What can you do now? I recommend the following:
1. Take the time to understand spinal cord injury and the various treatments. I am here to answer questions and there are many people here with a great deal of experience. You need to understand things well-enough to make rationale decisions concerning clinical trials that will be coming.
2. Participate in lobbying your government to fund more spinal cord injury research and clinical trials. This can be in the form of letters or telephone calls. It is a long-term effort but it has to start.
3. You must prepare your body for clinical trial. This includes rebuilding your bone and muscle, getting your cardiovascular system up, and weaning down on any unnecessary drugs that you are taking. This will increase the probability that you will respond to whatever therapy.
4. Become educated and earn money. You probably think that I am kidding. I am not. Many studies have shown that the highest correlation with recovery from spinal cord injury is education and wealth.

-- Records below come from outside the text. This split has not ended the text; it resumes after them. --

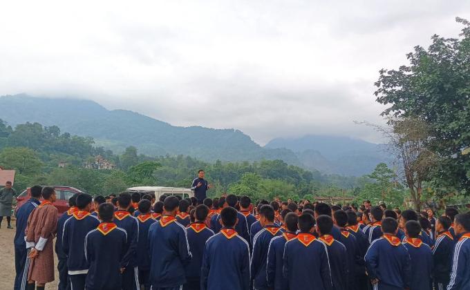 First, all the teachers and students gathered at the MPH to receive the chief guest, who was escorted to light the butter lamp. This was followed by the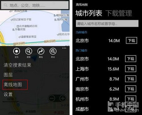 WP版百度地图的一大亮点就是支持下载离线地图包,这样一来,即使实在网络不佳的环境中,用户依然可以正常的使用地图进行定位。目前百度地图离线包根据省份不同进行了划分,用户可以根据自己的需要来选择性下载,这也是国内为数不多的一款支持离线的地图软件。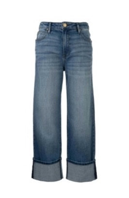 - Elevate your everyday with these high-rise straight-leg jeans in a timeless medium wash. The roll-up hem adds a playful edge, while stretchy fabric ensures comfort that keeps up with your day.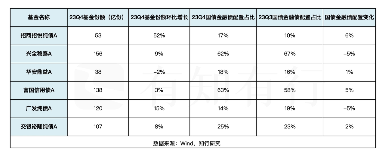 首先是主动债券基金,上图展示了每个基金的份额变化情况以及债券品种配置情况。从份额变化情况来看,没有出现份额大幅度缩水、机构投资者大面积赎回的基金,整体份额保持稳定,有些基金的份额还是稳步增长的情况,这意味着市场上的投资者尤其是机构投资者对于这只基金是认可的。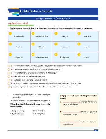 h. Bağımsızlık arayışı ve zihinsel değişim ergenlik döneminde görülen fiziksel değişimlerdendir. 2. I. Hormonlar görevlerini yavaş ve uzun sürede ger- 3. Aşağıdaki özelliklerin ait olduğu kavramları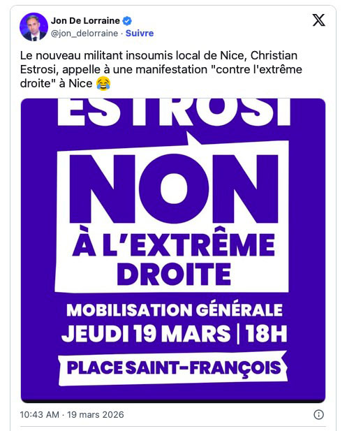 Ce jeudi, les grands mots et les grandes banderoles ont fait leur apparition, sur la place Saint-François de Nice. C’est un combat quasi national auquel se livre Christian Estrosi. La France est attaquée par l’extrême droite via l’axe nord-sud qui mène à la capitale. Un résistant se lève pour lui faire barrage. Slogans rédigés par Mathilde Panot, mots d’ordre empruntés à Louis Boyard. La location des panneaux en carton à LFI fut négociée de main de fer par le trésorier de la réunion. Un lot de « Mort aux fachos » en promo et plein de gros mots à prix cassés. L’affaire tombait à pic.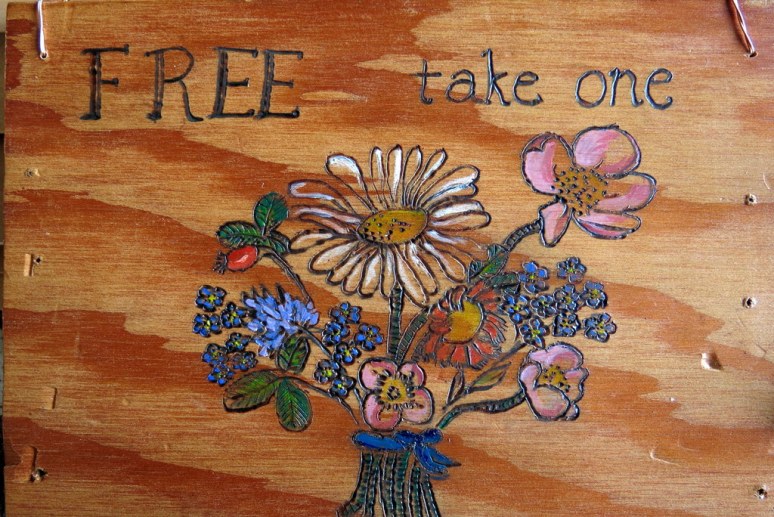 7. How generous to share your blossoms with passer bys. And what a clever use of those slats…Love your signs. Also the postcard from the little wood tiles…genius!!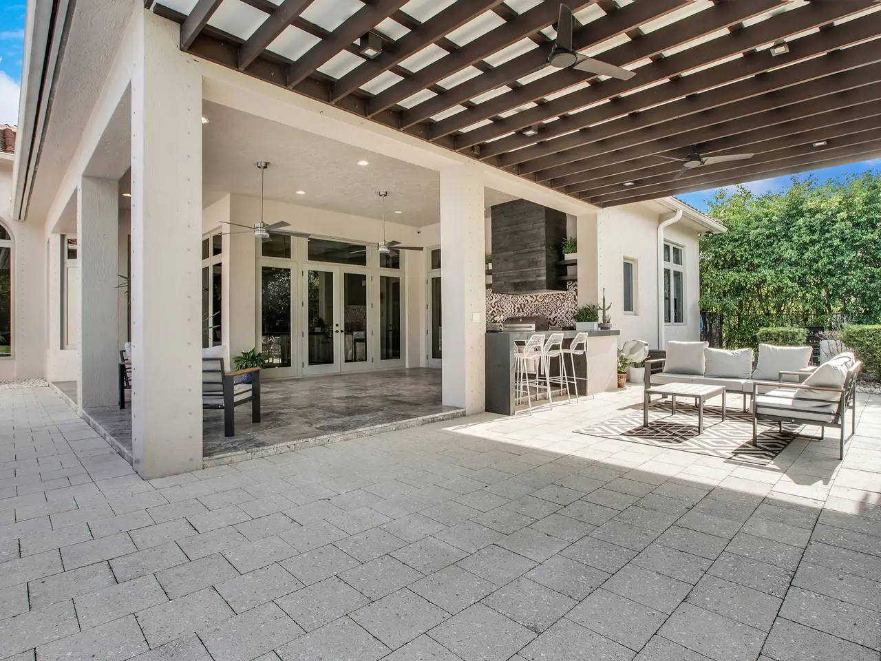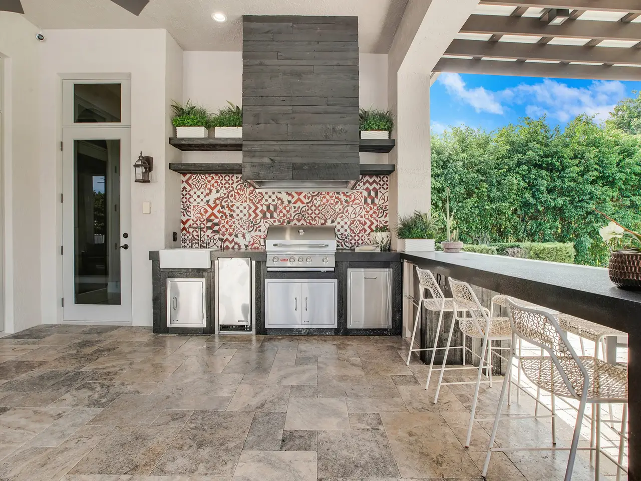 Full outdoor kitchen with pergola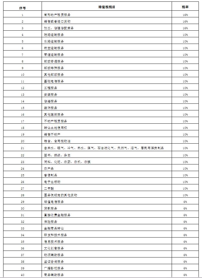 实施更大规模的减税。……,深化增值税改革,将制造业等行业现行16%的税率降至13%将交通运输业、建筑业等行业现行10%的税率降至9%确保主要行业税负明显降低;保持6%一档的税率不变,……,确保所有行业税负只减不增,继续向推进税率三档并两档、税制简化方向迈进。……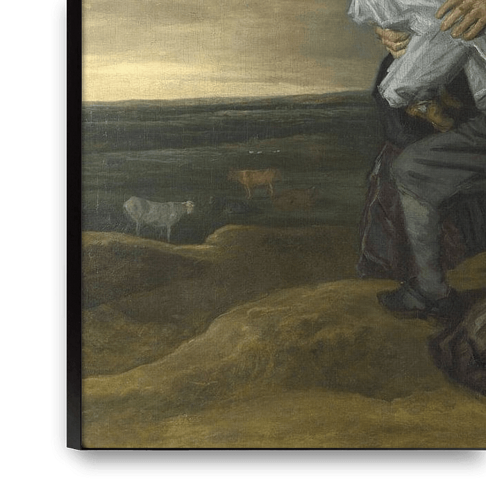 While we don’t know the name of the family, the style of the costumes suggests that it was probably painted in the late 1640s. The canvas has probably been cut down at the top and bottom. The background landscape is by another artist, possibly Pieter de Molijn or Reyer Claesz. Suycker.

I hope that the above helps.

Wise.’

‘Researchers at Barrow and ASU will use the grant to develop new hydrogels (liquids that gel) to stimulate the ends of damaged fiber on the spinal cord to grow and bypass the injured or scarred area of the spinal cord.’

The study uses the latest technology from the field of bioengineering. These grants should help researchers gain valuable insight on these research techniques, and bring the cure for spinal cord injury one step closer.